Commentary, Courts & the Law

In SCOTUS controversy, the hypocrisy is all red

As part of an P.R. effort to quell public outrage at their 180 degree flip-flop over the appropriateness of confirming a new Supreme Court Justice during a presidential election, Republicans, their allies and some ill-informed media types have attempted to argue as a defense in recent days that both parties are acting hypocritically.

You’ve probably read or heard this argument somewhere (I know I have in some of the hate mail that comes my way). It goes something like this: “Those blankety-blank Democrats would have done the same thing if the roles were reversed. Look at what they’re doing now. By arguing that no replacement for Ruth Bader Ginsburg should be considered until 2021, they’ve demonstrated their hypocrisy.”

It’s hard to know whether to laugh or cry at this “logic.” It’s akin to arguing that victim of a physical assault is just as guilty as his attacker, because he bore ill will toward the person who attacked him and might have been the perpetrator if the circumstances were different.

Earth to the GOP and its apologists: Your argument might hold some validity if it was the Democrats who had held up a previous confirmation process on the grounds that it conflicted with an election.
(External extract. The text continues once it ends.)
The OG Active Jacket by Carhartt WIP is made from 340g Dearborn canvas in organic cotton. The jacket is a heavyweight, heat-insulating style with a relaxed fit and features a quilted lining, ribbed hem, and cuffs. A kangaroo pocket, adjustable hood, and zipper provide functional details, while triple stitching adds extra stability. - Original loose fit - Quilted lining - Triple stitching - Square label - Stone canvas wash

Maybe. The fact, however, is that they did no such thing.

What happened in 2016 was that U.S. Senate Republicans announced a new standard and established a new precedent by refusing to consider President Obama’s moderate and highly qualified nominee, appeals court judge Merrick Garland, during an election year.
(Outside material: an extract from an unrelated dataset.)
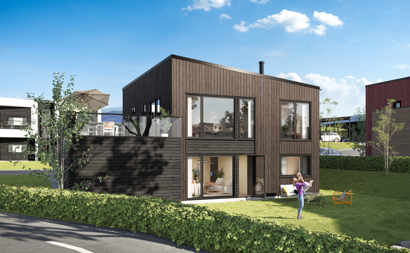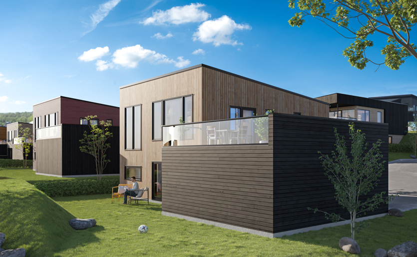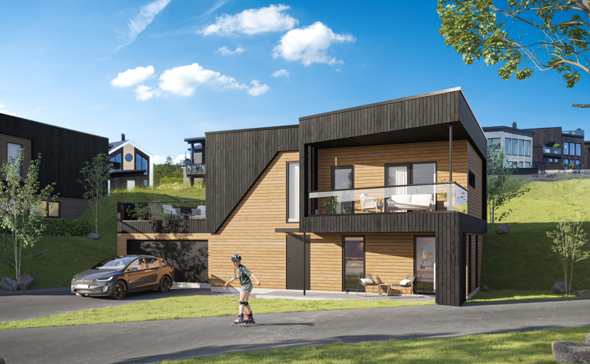 For å kunne tilby en litt mindre bolig i feltet uten å gå på kompromiss av kvalitet og design, utfordret vi Trine Tellefsen (Arkitekt MNAL hos MG Arkitekter) til å skape en ny bolig som tok utgangspunktet i designet og tankene bak Form. Resultatet ble en tøff enebolig i stilrent design som passer veldig godt i nabolaget.

North Carolina’s Thom Tillis helped spell out this change when he stated that it would be wrong to have a “partisan, divisive confirmation battle during the very same time the American people are casting their ballots to elect our next president.”

There are many intelligent observers across the nation who believe that shift was an unwise and destructive change, but the simple fact is that it happened.

Having established this new standard and precedent, the Republicans shouldn’t be free now to simply abandon it and return to the old way of doing things out of political opportunism and convenience. And Democrats — the victims in 2016 of this shift — certainly can’t and shouldn’t be blamed now for demanding that Republicans lie in the new bed they have made.

The simple fact is that for democratic government to work properly, precedent and rules must mean something. Republicans, however, have demonstrated that the only rules and precedents they respect are the ones born of raw power.

On shudders to think what new assaults on our Constitution that a justice confirmed under such dishonest circumstances will endorse.